Return all entries verbatim; skip any pictures.

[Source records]
........

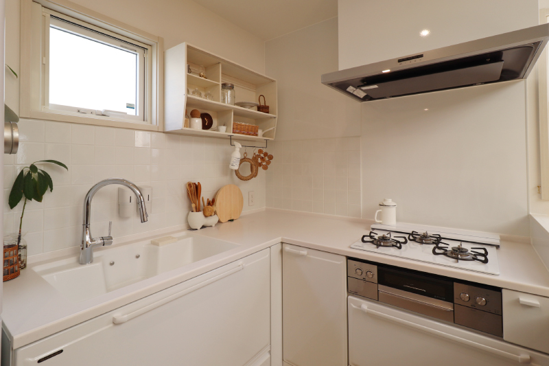 【キッチン】調理・洗い物・盛り付けまでの移動距離を短縮したL字キッチンで、家事の負担を軽減します。
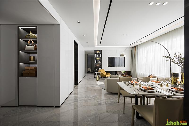 排列有序的輪廓,光與影的滲入,組成線與面的節(jié)奏變化,自在隨如水般漫溢而出,心緒樸素而無瑣屑。樣板房設(shè)計
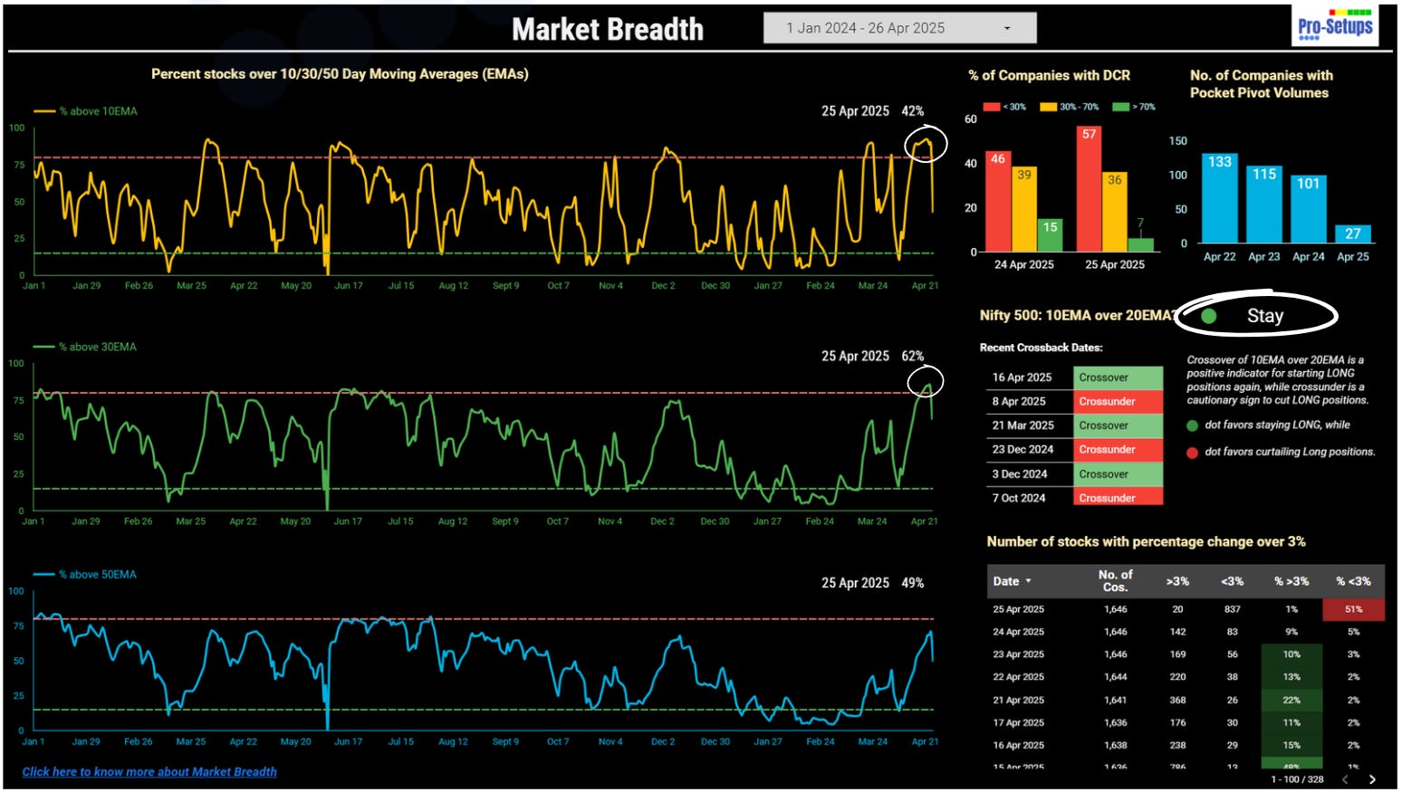 Market breadth cooled down from overbought levels this week, signaling profit booking that followed the robust rally. The % of stocks above 10EMA and 30EMA had reached the overbought zone during the week and fell sharply from there. We had crossover of Nifty500's 10EMA over its 20EMA last week, a positive sign for staying long, which stays in place. It needs to be seen whether the current pullback to 50EMA will be bought into or not.
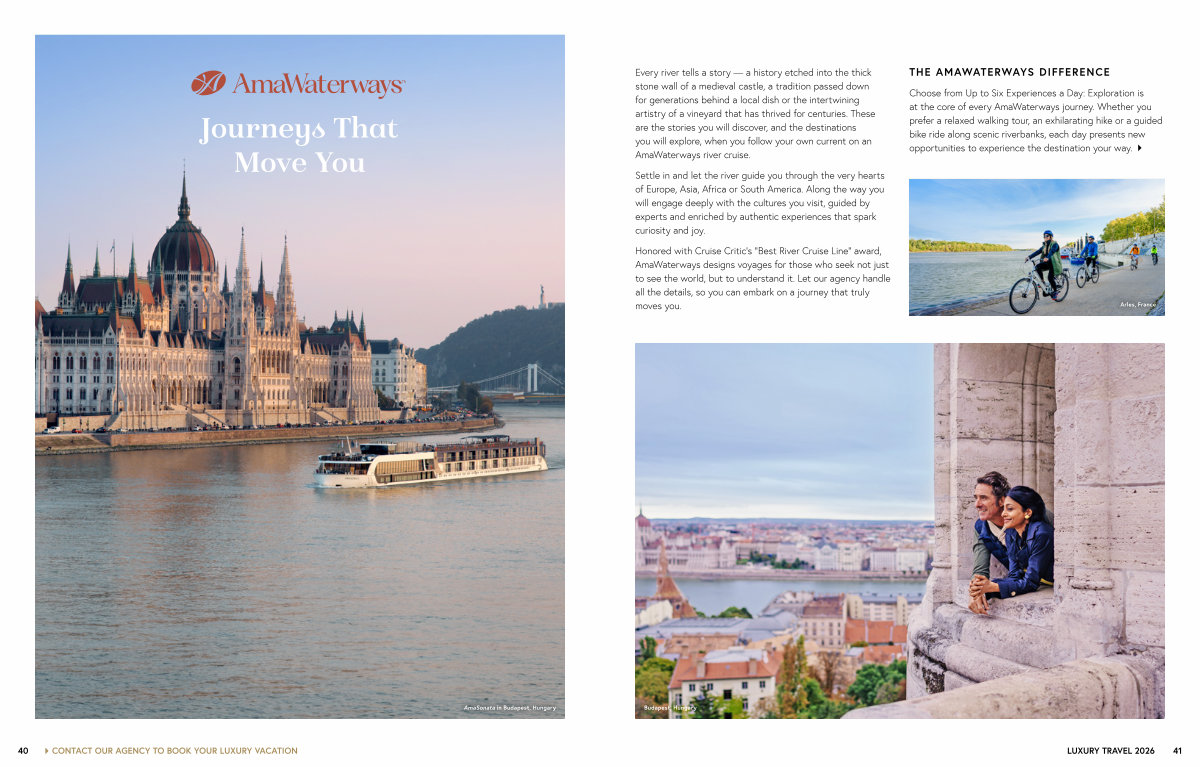Honored with Cruise Critic’ s“ Best River Cruise Line” award, AmaWaterways designs voyages for those who seek not just to see the world, but to understand it. Let our agency handle all the details, so you can embark on a journey that truly moves you.
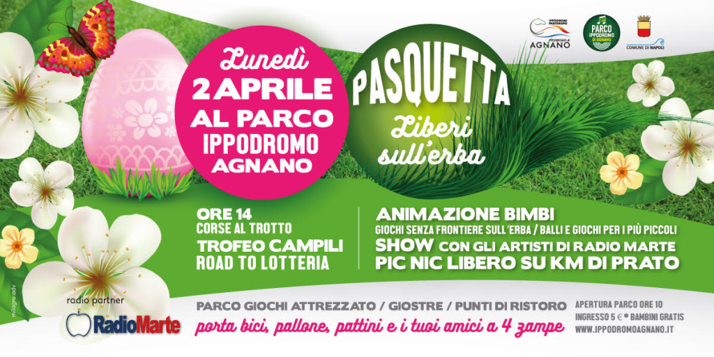 NAPOLI – Si rinnova come da tradizione, l’appuntamento di Pasquetta all’Ippodromo con Radio Marte e la banda marziana all’opera. Lunedì 2 aprile 2018, il parco di Agnano aprirà i cancelli dalle ore 09.00 con un ticket d’ingresso di soli 5 euro per gli adulti (ingresso bambini totalmente gratuito), comprensivo di accesso al giardino del parco e al cosiddetto “pratone”, la maxipista del galoppo aperta per l’occasione a pic-nic, giochi e tantissima musica live. Collegamenti in diretta su Radio Marte con Gaetano Gaudiero, Franco Simeri, Francesco Mastandrea, Marco Critelli ed il “Vip Party Live Show”, spettacolo di animazione e dj-set con Gigio Rosa e Gigi Soriani. Oltre a giochi per i più piccoli ed animazione a cura di Casper Animation, saranno aperti anche pizzeria e caffetteria del parco, entrambi con menù speciali a prezzi “family”, il parco giochi attrezzato, le giostre ed i jumping gonfiabili, le passeggiate sui pony ed i food corner in stile “street food”. Alle 14.00, le corse al trotto del Trofeo Campili. Ospiti sul palco marziano le cantanti Ilaria Cretaro, Vittoria Iannaccone e Milena Setola.
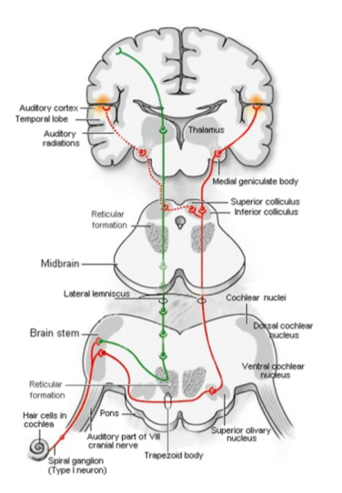Cochlea, cochlear nerve → pontine level brainstem → inferior colliculus of midbrain → medial geniculate nucleus of thalamus → acoustic radiations of internal capsule (sublenticular part) → primary auditory cortex → superior bank of sup. temporal gyrus and Heschl’s gyrus
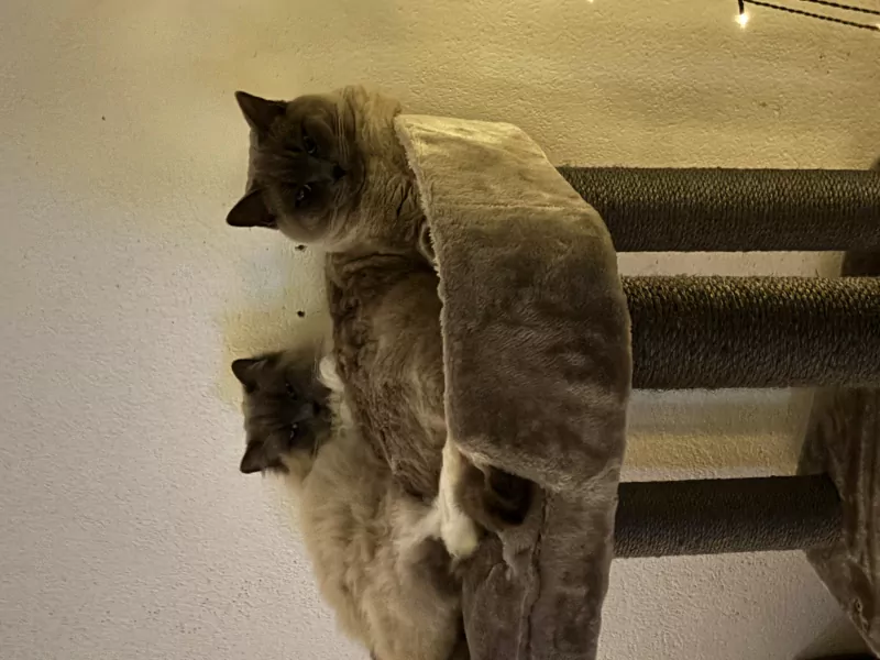 Ze zijn super lief en ze zijn twee en een half jaar oud. Ze zijn gewend om in afgesloten tuin te lopen en te liggen in het zonnetje. Dit is een voorwaarden dat ze lekker naar buiten kunnen en ze niet weg kunnen lopen. Er is een zelf reinigen de kattenbak, hangmat enz bij.
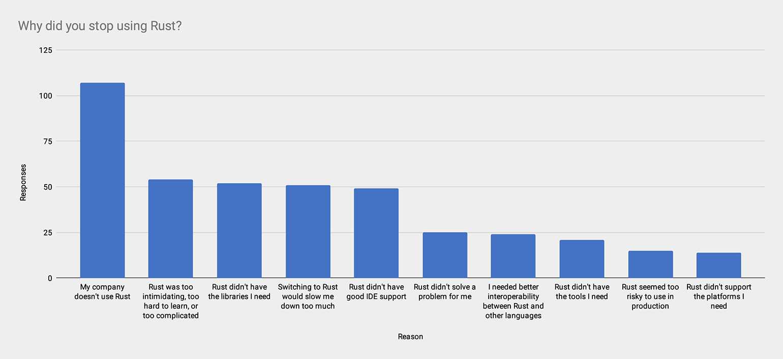 Исследование команды Rust «Почему программисты не пишут на Rust». Главная причина — компания не использует Rust. Изображение: Rust Blog

........

#### Final answer
 【キッチン】調理・洗い物・盛り付けまでの移動距離を短縮したL字キッチンで、家事の負担を軽減します。
 排列有序的輪廓,光與影的滲入,組成線與面的節(jié)奏變化,自在隨如水般漫溢而出,心緒樸素而無瑣屑。樣板房設(shè)計
 Market breadth cooled down from overbought levels this week, signaling profit booking that followed the robust rally. The % of stocks above 10EMA and 30EMA had reached the overbought zone during the week and fell sharply from there. We had crossover of Nifty500's 10EMA over its 20EMA last week, a positive sign for staying long, which stays in place. It needs to be seen whether the current pullback to 50EMA will be bought into or not.
Honored with Cruise Critic’ s“ Best River Cruise Line” award, AmaWaterways designs voyages for those who seek not just to see the world, but to understand it. Let our agency handle all the details, so you can embark on a journey that truly moves you.
 NAPOLI – Si rinnova come da tradizione, l’appuntamento di Pasquetta all’Ippodromo con Radio Marte e la banda marziana all’opera. Lunedì 2 aprile 2018, il parco di Agnano aprirà i cancelli dalle ore 09.00 con un ticket d’ingresso di soli 5 euro per gli adulti (ingresso bambini totalmente gratuito), comprensivo di accesso al giardino del parco e al cosiddetto “pratone”, la maxipista del galoppo aperta per l’occasione a pic-nic, giochi e tantissima musica live. Collegamenti in diretta su Radio Marte con Gaetano Gaudiero, Franco Simeri, Francesco Mastandrea, Marco Critelli ed il “Vip Party Live Show”, spettacolo di animazione e dj-set con Gigio Rosa e Gigi Soriani. Oltre a giochi per i più piccoli ed animazione a cura di Casper Animation, saranno aperti anche pizzeria e caffetteria del parco, entrambi con menù speciali a prezzi “family”, il parco giochi attrezzato, le giostre ed i jumping gonfiabili, le passeggiate sui pony ed i food corner in stile “street food”. Alle 14.00, le corse al trotto del Trofeo Campili. Ospiti sul palco marziano le cantanti Ilaria Cretaro, Vittoria Iannaccone e Milena Setola.
Cochlea, cochlear nerve → pontine level brainstem → inferior colliculus of midbrain → medial geniculate nucleus of thalamus → acoustic radiations of internal capsule (sublenticular part) → primary auditory cortex → superior bank of sup. temporal gyrus and Heschl’s gyrus
 Ze zijn super lief en ze zijn twee en een half jaar oud. Ze zijn gewend om in afgesloten tuin te lopen en te liggen in het zonnetje. Dit is een voorwaarden dat ze lekker naar buiten kunnen en ze niet weg kunnen lopen. Er is een zelf reinigen de kattenbak, hangmat enz bij.
 Исследование команды Rust «Почему программисты не пишут на Rust». Главная причина — компания не использует Rust. Изображение: Rust Blog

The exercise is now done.